One especially memorable event was the 2010 edition of ‘Pipefest’—an afternoon during Edinburgh, Scotland’s International Fringe Festival when the city shuts down a stretch of its main street, the Royal Mile, and lets loose thousands of pipers. It’s quite the experience, Dowling says, marching from Edinburgh Castle to King Arthur’s Seat and joining what is called a “massed bands,” with several hundred pipers and drummers playing the same tunes simultaneously. “When done well it is a tremendous experience,” he continues, “though often the groups become so large that there is a considerable risk of confusion and very loud cacophony.”

And then there are the competitions. Dowling started performing in pipe and drum competitions in 2010, when he was 16 years old. The opportunity to compete was a great motivator in becoming a better player, he says, and the competitions themselves were a good way to see how many other people play the pipes. Indeed, also in 2010, he and the New Jersey-based group in which he performed in the World Pipe Band Championships in Glasgow, Scotland, where some 8,000 pipers and drummers representing more than a dozen countries gathered to compete—including many of the top bands from across the globe.

Dowling takes some downtime with his “Functional Magnetic Resonance Imaging” text during the 2014 Bonnie Brae pipe band competition. He and St. Ann’s of Hampton Pipes and Drums placed first in the Grade 5 competition.

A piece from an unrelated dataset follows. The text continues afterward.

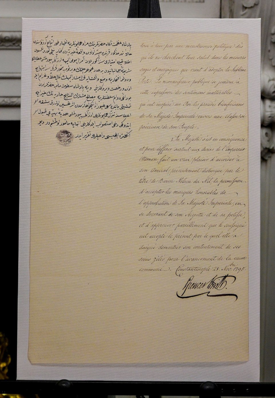Tarihin tozlu sayfalarını günümüze taşıyan sergide Amiral Nelson’a padişah tarafından hediye edilen ve 13 elmas okun yer aldığı yaklaşık 300 adet elmasa sahip çelenk, 1789 yılında olan Nil Savaşı sırasında batırılan 13 Fransız gemisini sembolize ediyor.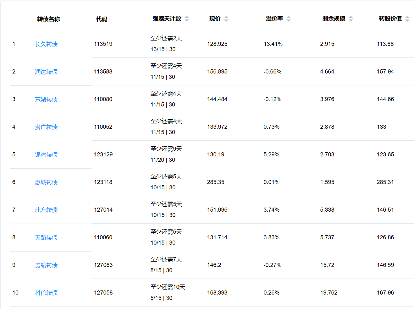 下面这些转债,要注意强赎杀溢价风险,尤其是溢价率在5%以上的。

Similar to the Highland Bagpipes but Considerably Quieter

Dowling hasn’t yet found a pipe and drum band to play with in Boston. So for the time being, he says, he’s enjoying the opportunity to learn new music: both ceòl mor, which translates to the great music (and is essentially bagpipe classical music) and ceòl beag, or light/little music (dance tunes, marches, slow airs). “At the moment I have several tune books spanning several hundred pages that I am slowly working my way through,” he says. “Since bagpipe music is meant to be memorized rather than read, I expect learning even a fraction of these tunes will take quite some time.”

At the same time, he has found a solution to the way-too-loud-to-practice-indoors problem: he is teaching himself the Scottish smallpipes, which are similar to the Highland bagpipes but considerably quieter. The smallpipes have other benefits as well. Whereas the Highland bagpipes are tuned to the key of B-flat—an uncommon key for most other instruments—the smallpipes can be tuned to the keys of A or D, which allows him to play along with other instruments: guitar, violin, tin whistle, banjo, etc. This has been an especially nice perk, he says, as his roommates are musicians themselves and they can now all gather for intra-apartment jamborees.

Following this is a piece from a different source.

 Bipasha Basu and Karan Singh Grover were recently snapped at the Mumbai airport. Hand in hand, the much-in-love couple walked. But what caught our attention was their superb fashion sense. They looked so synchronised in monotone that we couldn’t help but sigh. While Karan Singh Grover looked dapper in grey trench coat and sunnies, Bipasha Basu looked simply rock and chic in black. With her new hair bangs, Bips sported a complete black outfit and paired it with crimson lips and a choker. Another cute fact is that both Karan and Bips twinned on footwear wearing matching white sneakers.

With the smallpipes Dowling can practice indoors without alienating the entire block, but finding time to do so can still be a bit of a challenge. So on warm days he will bring his smallpipes to his office in the Martinos Center in the Charlestown Navy Yard and, either during lunch or after work, take them outside to play. And of course he will often draw a crowd when he does—even if he is only practicing.